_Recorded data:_
+-------+

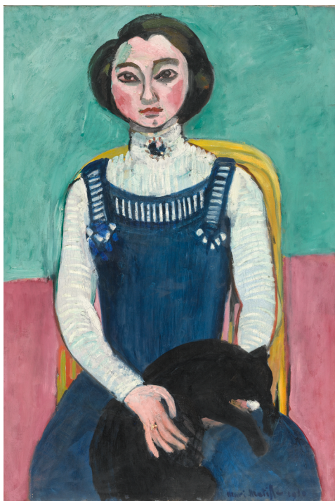
Henri Matisse, Marguerite au chat noir , 1910 Huile sur toile 94 x 64 x 2,3cm. Don de Barbara Duthuit en mémoire de Claude Duthuit, 2013 Collection Centre Pompidou, Paris Musée national d'art moderne - Centre de création industrielle Domaine public

COMMUNIQUÉ DE PRESSE | EXPOSITION ITINÉRANTE
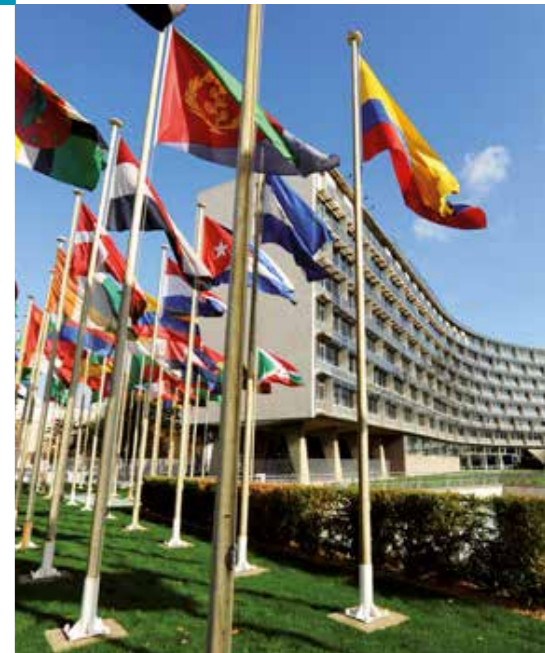
Het hoofdkwartier van Unesco in Parijs.

Het is Unesco’s missie om een bijdrage te leveren aan wereldwijde vrede, uitroeiing van de armoede, duurzame ontwikkeling en een interculturele dialoog door middel van onderwijs, wetenschap, cultuur, communicatie en informatie. Unesco is ervan overtuigd dat het van wezenlijk belang is om te leren over de Holocaust. Op die manier kunnen we beter begrijpen hoe Europa is kunnen afglijden naar deze genocide. Zo krijgen we een inzicht in de daaropvolgende ontwikkeling van het internationaal recht en de internationale instellingen die erop gericht zijn genocide te voorkomen en te bestraffen. Door een zorgvuldige vergelijking met andere voorbeelden van massaal geweld kunnen wij bijdragen aan het beter begrijpen van de onderliggende mechanismen en de preventie van toekomstige genocides of andere vormen van grootschalige gruweldaden.
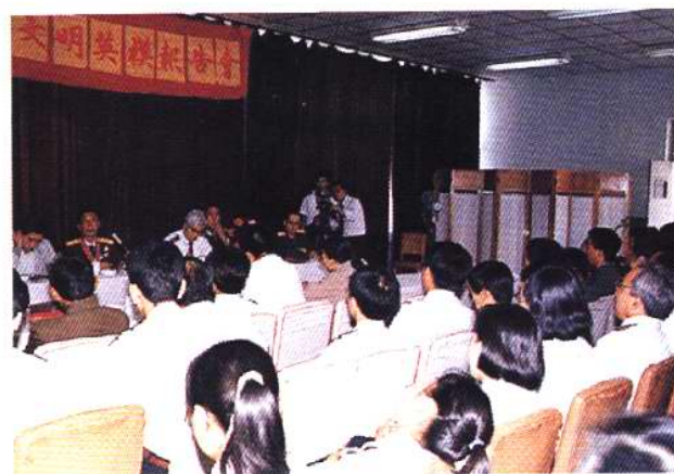
1991年6月，上甘岭战斗英雄吴世金为天津动植物检验检疫局职工作英模报告
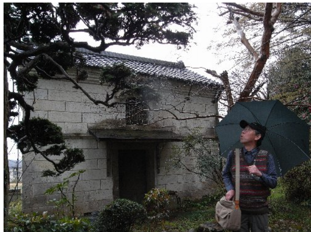
渡辺家 西石蔵(市認定文化財)
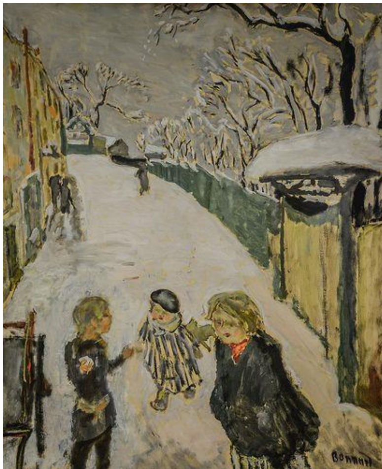
Pierre Bonnard: Jeux d'enfants dans la neige/La Rue , 1907

SĂRBĂTORI FERICITE și LA MULȚI ANI 2022!
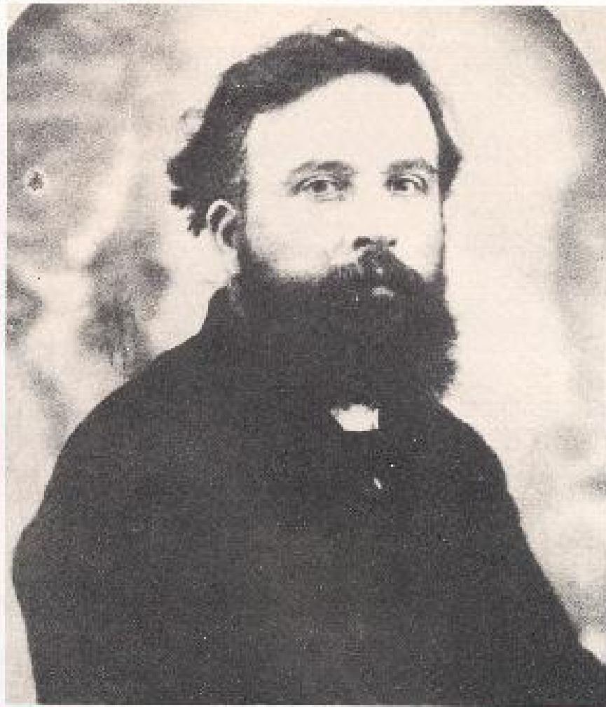
亨利 盧梭 Henri Rousseau (1844 ~ 1910)
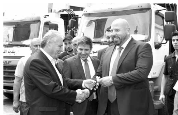
نهر يسلم المفاتيح لرؤساء البلديات

المعنين، الدولة والبلديات، لان هذه المشكلة أصبحت لا تحتمل..
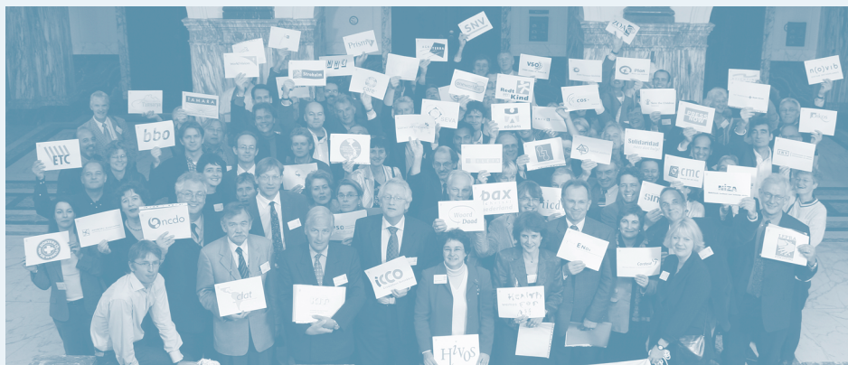
Foto: Oprichting Partos 2004
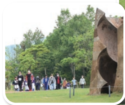
縄文ロマンパーク

若狭さとうみパークを主会場に、第31回若狭・三方五湖ツデーマーチを開催しました。今年「リニューアル」として、同会場で「マーチとマルシェ ～里・音・市場～」が開かれ、飲食物の販売、音楽・ダンスやお笑いのステージがあり、ゴールした参加者らで賑わっていました。2日間で4,117人が参加し、新緑香る町内のウォーキングを楽しみました。
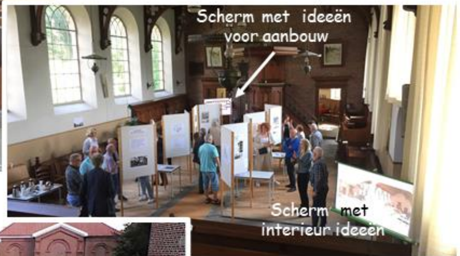
Scherm met ideeën voor aanbouw
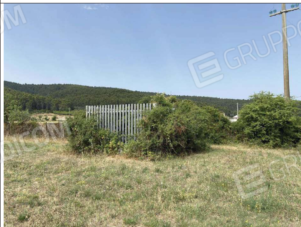
Foto 13) – Vista terreno p.lla 72 ( IMMOBILE B ) su p.lla 71 confinante priva di recinzione

+-------+

Search the records for the word "Henri" and return every line that holds it.

Henri Matisse, Marguerite au chat noir , 1910 Huile sur toile 94 x 64 x 2,3cm. Don de Barbara Duthuit en mémoire de Claude Duthuit, 2013 Collection Centre Pompidou, Paris Musée national d'art moderne - Centre de création industrielle Domaine public
亨利 盧梭 Henri Rousseau (1844 ~ 1910)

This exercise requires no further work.